Public Utilities Commission of Texas (PUCT) today approved a settlement between myriad petitioners, including the Solar Energy Industries Association (SEIA), Texas Solar Power Association and Dallas-based utility Oncor, that required the utility to withdraw its plan to add what pv magazine in March called “bizarre” fixed charges to the bills of solar consumers.
“The settlement agreement is a big win for the 10 million Texan families served by Oncor who will now continue to have the option to install solar and other distributed-resource technologies like storage without being subjected to the onerous and discriminatory minimum bill charge that would apply only to them,” said Benjamin Inskeep of EQ Research. “It avoids what would have been a catastrophic tariff for many families and completely undermined the value proposition of solar DG for many.”
In March, Texas-utility Oncor filed a proposal that would have imposed either a minimum bill of $3.53 for every kilowatt of maximum demand that customers with distributed resources – solar, micro-wind turbines or batteries – had or the standard residential rate – whichever was more expensive for the customer.
“I’m not sure exactly what Oncor was thinking when they proposed the [tariff], but in general, I’ve seen a growing number of “creative” utility proposals like Oncor’s that would impose new charges on solar and other distributed generation customers,” Inskeep said. “Clearly, utilities are concerned about revenue erosion.”
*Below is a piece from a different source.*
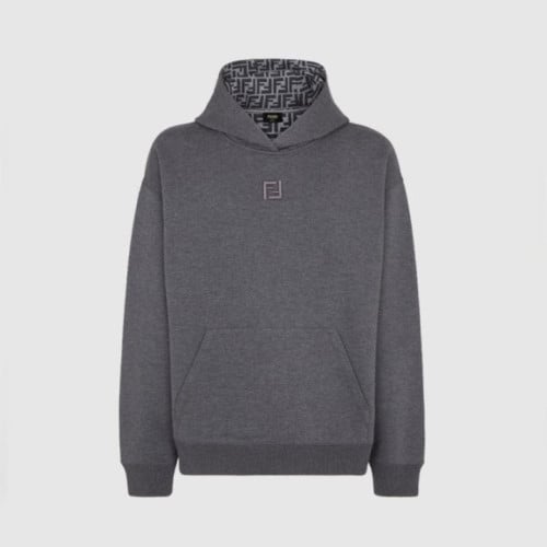 후드에 조절끈이 달린 긴팔 스웨트셔츠입니다. 앞면에 캥거루 포켓이 있습니다. 그레이 멜란지 코튼 소재로 제작되었으며, 부드러운 그레이 안감에 그레이 FF 로고가 있습니다. 가슴 중앙에는 안감 색상과 조화를 이루는 FF 로고 자수가 있습니다.
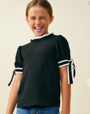 Girls Contrast Piped Tie Sleeve Detail Top *Textured Woven Fabric *Tie Sleeve *Back Keyhole Closure

“But penalizing [distributed generation] customers for their investments years after is hardly a reasonable solution,” Inskeep continued. “Fortunately, the vast majority of these proposals have been rejected, withdrawn or significantly curtailed.”
Inskeep was also troubled by Oncor’s proposal because:
- it did not provide for any grandfathering period for any existing distributed generation customers;
- Oncor would have used a complicated and opaque calculation to determine a different minimum bill value for each DER customer, which would have significantly complicated the solar sales process;
- since Oncor was calculating a customer’s unique minimum bill based on the customer’s past energy usage or demand, a customer had no power to take action in the future to reduce his or her minimum bill (e.g., through energy efficiency investments or adding energy storage to an existing solar DG system); and
- the proposal undermined a number of long-established ratemaking principles.
It appears from a series of documents hidden in TPUC’s antiquated public records database that, to get Oncor on board with withdrawing its byzantine rate proposal, the signatories agreed to let the utility increase residential base rates by 3.4%, despite having TPUC settled rates in effect. The new rates will take effect on November 27.
Nevertheless, the solar industry seemed pleased that it managed to get the original proposal withdrawn.
Sean Gallagher, vice president of state affairs for SEIA, said the settlement would allow current and future solar customers the freedom to choose their energy source without fear of financial penalty.